Extracts metadata from standard HTML <meta> tags and other head elements.

import { createScraper, metaTags } from 'web-meta-scraper';
 
const scraper = createScraper({ plugins: [metaTags] });

Extracted fields:

Field	Source
`title`	`<title>` tag
`description`	`<meta name="description">`
`keywords`	`<meta name="keywords">` (parsed as array)
`author`	`<meta name="author">`
`favicon`	`<link rel="icon">` or `<link rel="shortcut icon">`
`canonicalUrl`	`<link rel="canonical">`

Open Graph

Extracts Open Graph (opens in a new tab) protocol metadata from og: meta tags.

import { createScraper, openGraph } from 'web-meta-scraper';
 
const scraper = createScraper({ plugins: [openGraph] });

Extracted fields:

Field	Source
`title`	`og:title`
`description`	`og:description`
`image`	`og:image`
`url`	`og:url`
`type`	`og:type` (`website`, `article`, `profile`, `book`, `music`, `video`)
`siteName`	`og:site_name`
`locale`	`og:locale`

Twitter Cards

Extracts Twitter Cards (opens in a new tab) metadata from twitter: meta tags.

import { createScraper, twitter } from 'web-meta-scraper';
 
const scraper = createScraper({ plugins: [twitter] });

Extracted fields:

Field	Source
`title`	`twitter:title`
`description`	`twitter:description`
`image`	`twitter:image`
`card`	`twitter:card` (`summary`, `summary_large_image`, `app`, `player`)
`site`	`twitter:site`
`creator`	`twitter:creator`

JSON-LD

Extracts JSON-LD (opens in a new tab) structured data from <script type="application/ld+json"> tags.

import { createScraper, jsonLd } from 'web-meta-scraper';
 
const scraper = createScraper({ plugins: [jsonLd] });

Parsed data is available as jsonLd in result.metadata.
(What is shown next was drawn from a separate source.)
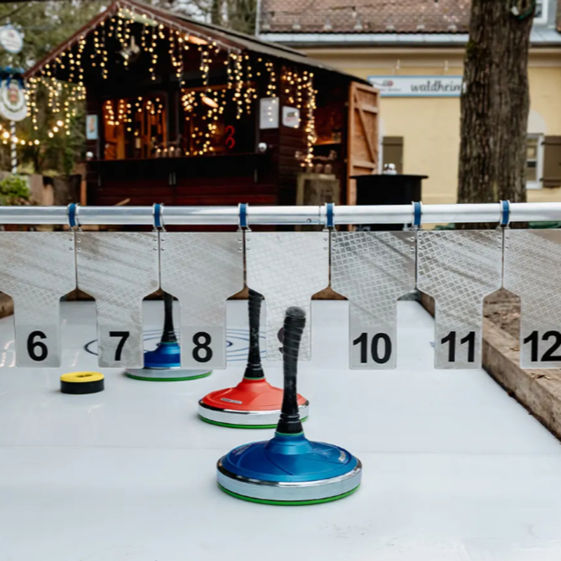 Im Waldheim-Biergarten am südwestlichen Münchner Stadtrand warten zwei 14 Meter lange Natureisbahnen auf beschwingte Hobbysportler. Ihr könnt sie täglich ab 14 Uhr bis 21 Uhr jeweils zur vollen Stunde mieten und mit bis zu 10 Personen pro Bahn spielen. Nur von Heiligabend bis 4. Januar ist kein Spielbetrieb. 45 Euro pro Stunde und Bahn kostet der eisige Spaß, die Eisstöcke sind inklusive. In der Weihnachtshütte nebenan könnt ihr euch mit Heißgetränken und Essen (z.B. Chili con Carne oder Schnitzel-Burger) versorgen.

Supports Schema.org types including:

Article, Product, Organization, Person
WebSite, FAQPage, BreadcrumbList

Handles @graph notation and arrays. Invalid JSON is silently skipped.

const result = await scraper.scrapeUrl('https://example.com');
 
for (const item of result.metadata.jsonLd ?? []) {
  console.log(item['@type']); // "Article", "Organization", etc.
}

oEmbed

Discovers and fetches oEmbed (opens in a new tab) data from <link type="application/json+oembed"> tags.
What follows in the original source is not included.